• _Task goal_: Go to the line with "பாம்பு படுக்கையில் படுத்து" in the entries below and write out every line from there through the line with "This research outlines", exactly and without pictures.

• _Data section_:
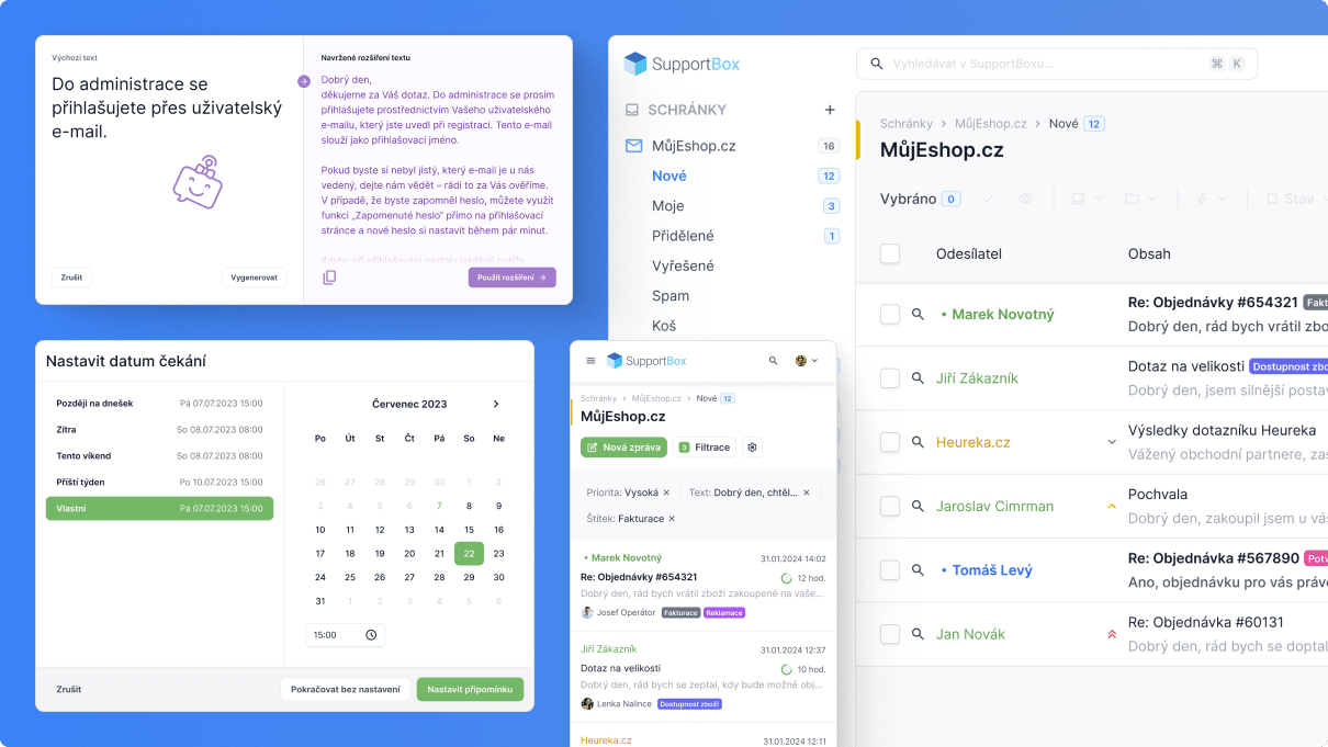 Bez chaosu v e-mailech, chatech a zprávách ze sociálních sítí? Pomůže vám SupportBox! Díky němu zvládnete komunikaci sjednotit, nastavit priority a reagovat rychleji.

==

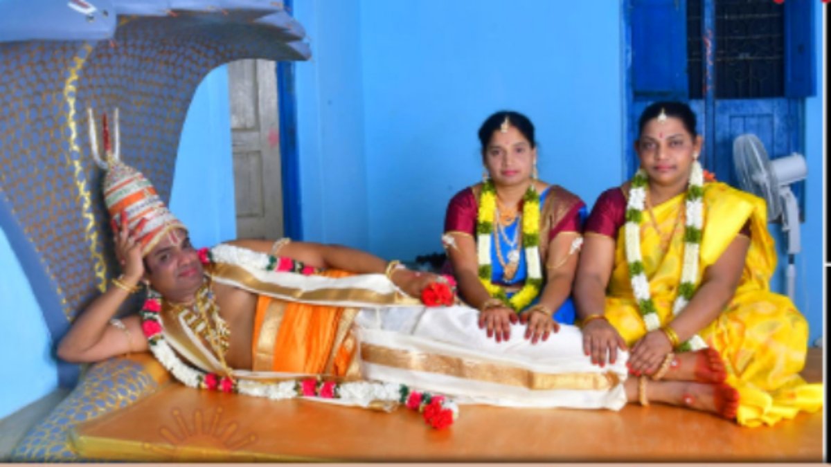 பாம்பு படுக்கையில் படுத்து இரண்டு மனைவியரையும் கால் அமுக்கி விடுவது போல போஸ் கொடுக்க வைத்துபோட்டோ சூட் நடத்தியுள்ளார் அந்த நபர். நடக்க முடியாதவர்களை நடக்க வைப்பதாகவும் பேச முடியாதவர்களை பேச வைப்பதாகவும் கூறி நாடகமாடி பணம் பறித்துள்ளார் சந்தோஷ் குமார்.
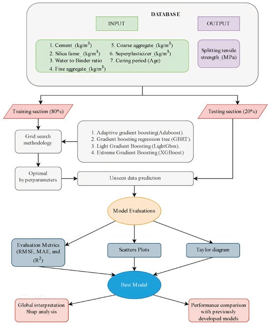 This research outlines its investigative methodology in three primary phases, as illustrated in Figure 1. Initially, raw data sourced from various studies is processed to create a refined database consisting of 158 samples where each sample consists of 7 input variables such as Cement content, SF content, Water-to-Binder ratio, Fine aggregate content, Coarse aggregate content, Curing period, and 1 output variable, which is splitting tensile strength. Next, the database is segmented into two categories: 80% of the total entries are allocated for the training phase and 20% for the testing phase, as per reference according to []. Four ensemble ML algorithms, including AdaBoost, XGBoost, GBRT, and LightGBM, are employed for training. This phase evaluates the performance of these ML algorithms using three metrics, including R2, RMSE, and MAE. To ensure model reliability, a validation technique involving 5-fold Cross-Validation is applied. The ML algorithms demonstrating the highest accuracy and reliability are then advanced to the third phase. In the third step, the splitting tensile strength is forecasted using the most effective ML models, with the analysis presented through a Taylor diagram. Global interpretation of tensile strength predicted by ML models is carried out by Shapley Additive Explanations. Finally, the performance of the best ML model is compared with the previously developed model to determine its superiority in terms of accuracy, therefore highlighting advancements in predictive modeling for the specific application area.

• _Exercise output_:
 பாம்பு படுக்கையில் படுத்து இரண்டு மனைவியரையும் கால் அமுக்கி விடுவது போல போஸ் கொடுக்க வைத்துபோட்டோ சூட் நடத்தியுள்ளார் அந்த நபர். நடக்க முடியாதவர்களை நடக்க வைப்பதாகவும் பேச முடியாதவர்களை பேச வைப்பதாகவும் கூறி நாடகமாடி பணம் பறித்துள்ளார் சந்தோஷ் குமார்.
 This research outlines its investigative methodology in three primary phases, as illustrated in Figure 1. Initially, raw data sourced from various studies is processed to create a refined database consisting of 158 samples where each sample consists of 7 input variables such as Cement content, SF content, Water-to-Binder ratio, Fine aggregate content, Coarse aggregate content, Curing period, and 1 output variable, which is splitting tensile strength. Next, the database is segmented into two categories: 80% of the total entries are allocated for the training phase and 20% for the testing phase, as per reference according to []. Four ensemble ML algorithms, including AdaBoost, XGBoost, GBRT, and LightGBM, are employed for training. This phase evaluates the performance of these ML algorithms using three metrics, including R2, RMSE, and MAE. To ensure model reliability, a validation technique involving 5-fold Cross-Validation is applied. The ML algorithms demonstrating the highest accuracy and reliability are then advanced to the third phase. In the third step, the splitting tensile strength is forecasted using the most effective ML models, with the analysis presented through a Taylor diagram. Global interpretation of tensile strength predicted by ML models is carried out by Shapley Additive Explanations. Finally, the performance of the best ML model is compared with the previously developed model to determine its superiority in terms of accuracy, therefore highlighting advancements in predictive modeling for the specific application area.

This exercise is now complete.